Liam défit sa ceinture et déposa son arme sur la table. Albus l'avait souvent vu faire ce geste depuis qu'il avait repris son boulot et l'arme à feu, noire et menaçante, l'intriguait toujours autant. Liam lui avait expliqué, avec un petit rire, que c'était sa baguette à lui. Une baguette qui tuait aussi sûrement qu'un Avada Kedavra.

— Qu'est-ce qu'on fait maintenant? demanda Albus.

— Moi, je vais me coucher. Je n'ai pas dormi de la nuit. Ton père m'a demandé mon avis pour le plan d'action. Il dit que mon expérience moldue est utile contre les soldats de Merlin.

Albus acquiesça avec un mince sourire. Il était heureux que son père et son petit ami s'entendent aussi bien mais il aurait espéré que ce genre de liens ne se tissent pas dans un pareil contexte. Et puis, il ne pouvait s'empêcher de l'envier. Maintenant qu'ils avaient perçu les mystères de Merlin, il se sentait désespérément inutile.

Liam se dirigea vers la chambre à coucher. Il se tourna vers Albus.

— Tu viens? J'imagine que tu n'as pas su dormir non plus?

— J'y arrive pas, répondit Albus.

— Comme tu veux…, fit Liam en baillant.

Il ferma la porte derrière lui et Albus resta debout, au milieu de la pièce, à fixer l'entrée de la chambre, sans savoir quoi faire. Il admirait le sang-froid de Liam. Il avait beau se dire qu'il avait plus l'habitude des temps de crise, Liam avait ce calme réfléchi qui inspirait l'écoute, le respect et rassurait quiconque lui faisait confiance. Mais bien qu'il lui ait répété plusieurs fois qu'ils avaient envisagé toutes les options, même les pires, qu'ils avaient des solutions, des alliés, que tout allait bien se passer et que personne ne mourrait, Albus était terrifié.

"On a pensé à tout!" se répétait-il sans cesse. " On a tout découvert." "On sait tout." "Même des choses que Merlin ignore." "On a enfin un train d'avance sur lui." "On ne peut que gagner!"

Et pourtant, ses mains continuaient à trembler.

Mettant ça sur le coup de la fatigue, Albus alla dans la cuisine pour se préparer du café.
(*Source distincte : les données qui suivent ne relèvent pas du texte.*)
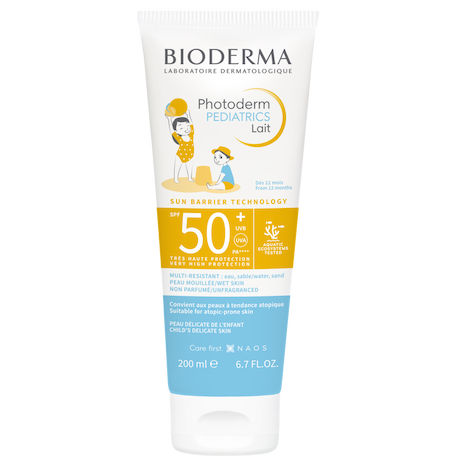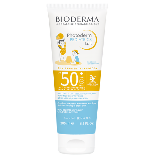 Double protection écobiologique, le Lait Solaire Pediatrics Photoderm protège la peau délicate des enfants exposés au soleil grâce à sa très haute protection large spectre UVA/UVB, associée à 4 filtres haute efficacité et à de la vitamine E.
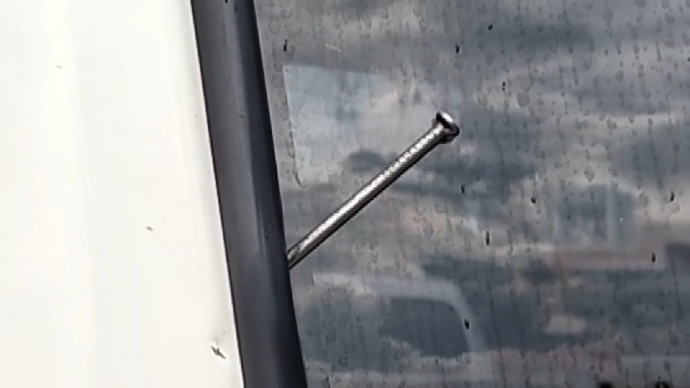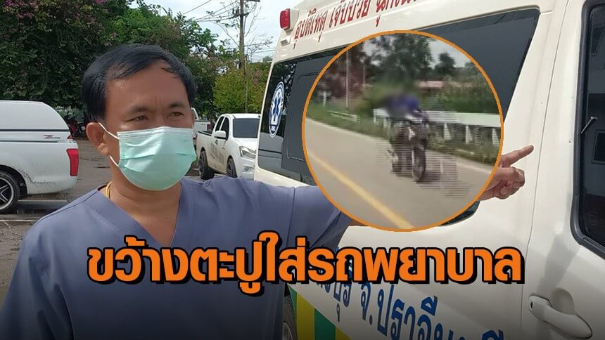 รวบหนุ่มหลอนยา ขี่ จยย.ขว้างตะปูใส่รถกู้ชีพ ขณะไปรับผู้ป่วยหนักส่งโรงพยาบาล ตะปูฝังขอบหน้าต่าง กระจกรถแตก พบรถชาวบ้านเสียหายอีก 4 คัน
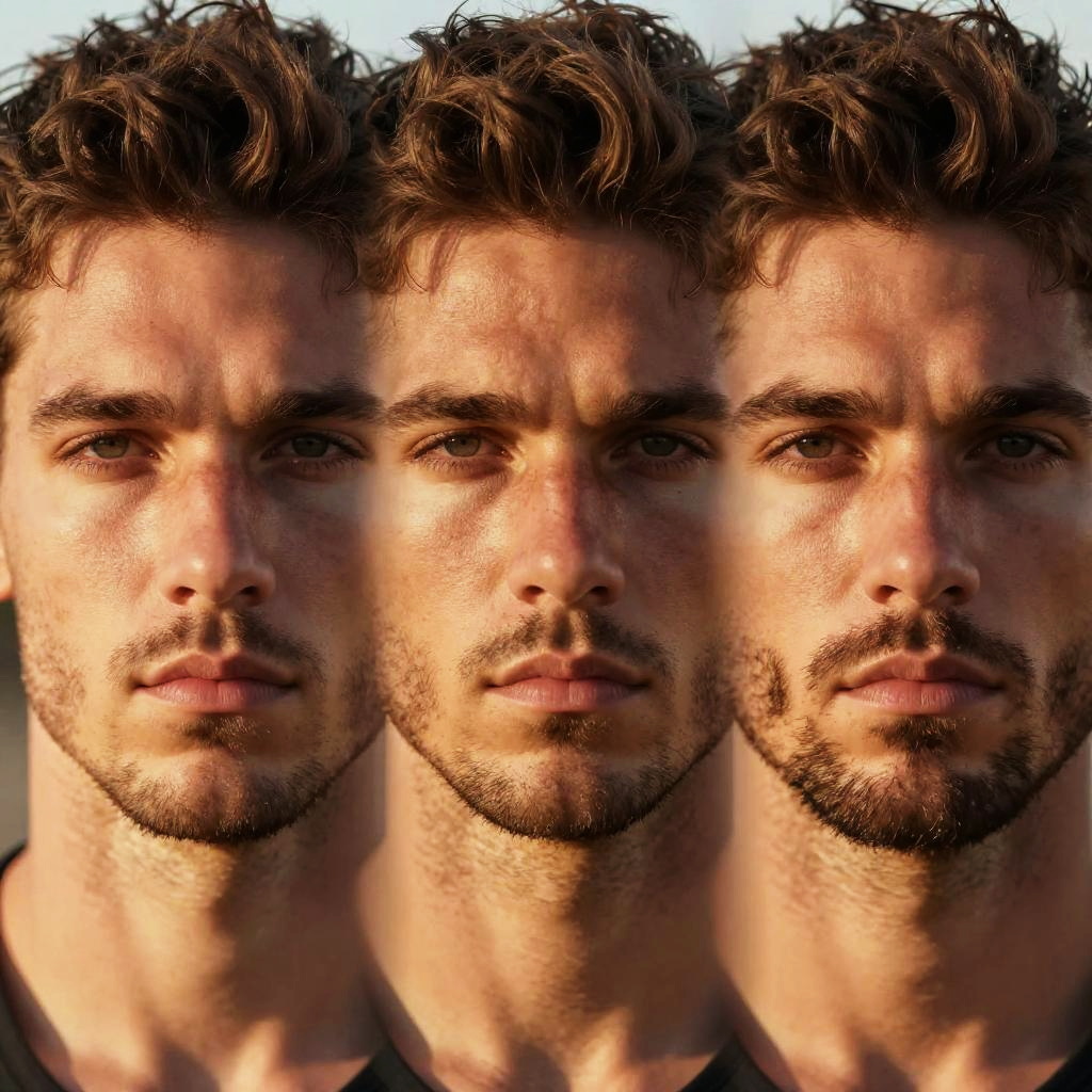 Photograph of a Caucasian man with a light skin tone, brown wavy hair, and a trimmed beard, shown in a triptych format. His expression is neutral and serious, with slightly furrowed brows and a slight shadow on his face. He has blue eyes and is wearing a dark-colored shirt. The lighting is natural, highlighting the texture of his skin and hair. The background is blurred and indistinct, focusing attention on the man's face. The image has a realistic, high-definition style with sharp details and warm tones.
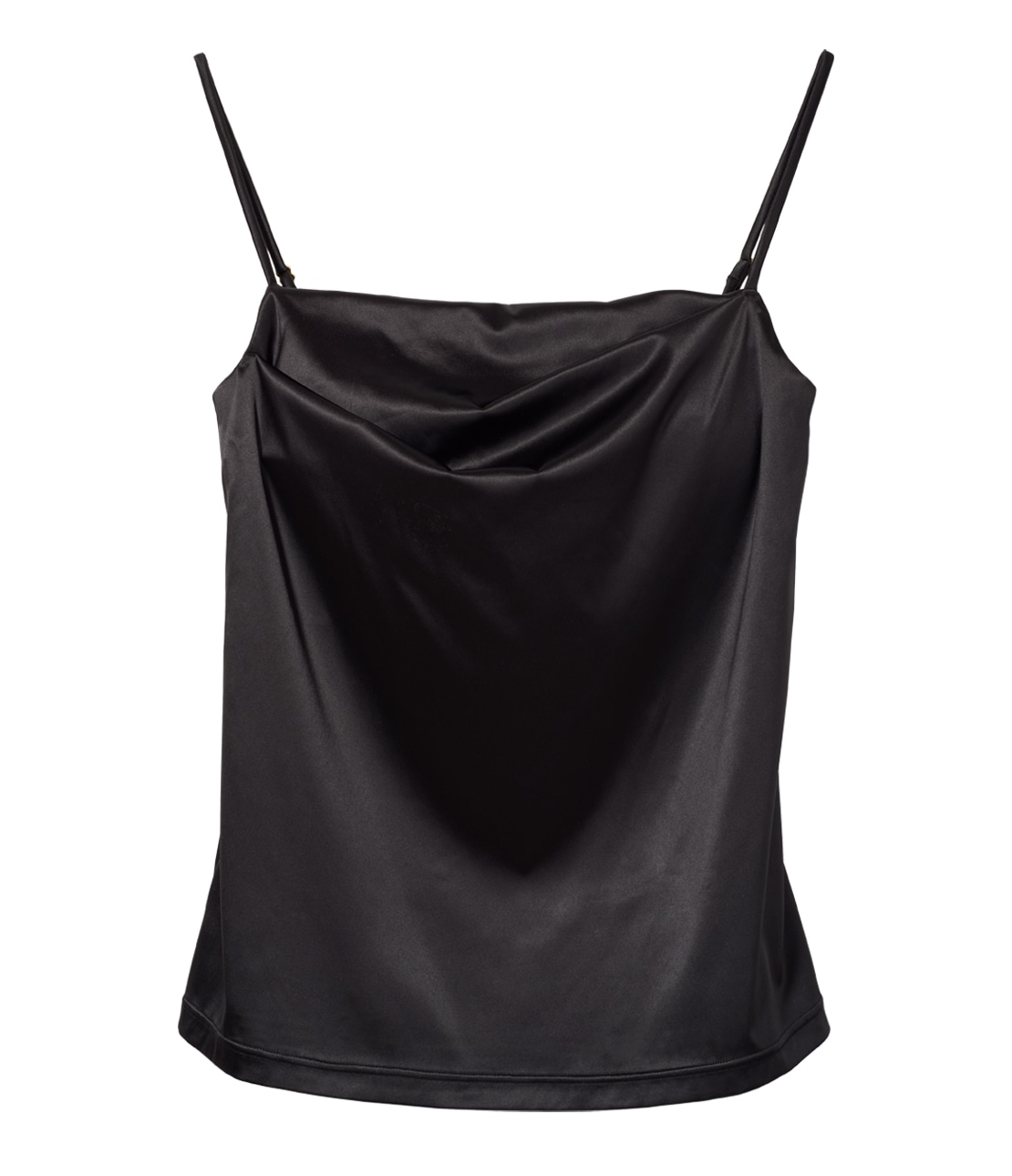 ・胸元の両サイドにタックを入れたドレープ風ディテールが、サテンの光沢感を引き立てるアクセント

Il agita sa baguette vers la cuisinière qui s'alluma aussitôt. Il se servit une tasse et s'assit à la table, le regard dans le vide, soucieux.

"Que pouvait-il arriver de pire?"

Il pouvait arriver que la prophétie de Trelawney se réalise, pensa-t'il. Depuis la mort de James, il l'avait chassée de son esprit. Mais maintenant qu'il était seul, ce dernier mystère lui revenait en tête. Albus n'était pas du genre à s'arrêter de réfléchir. Quand il trouvait la réponse à une question, il s'en posait une autre et ainsi de suite jusqu'à ne trouver que du vide. Là, le vide était rempli par les paroles de cette vieille sorcière, entourée de tous ces châles. Il se les répéta puisqu'ils étaient les seuls témoignages d'un futur plus ou moins proche.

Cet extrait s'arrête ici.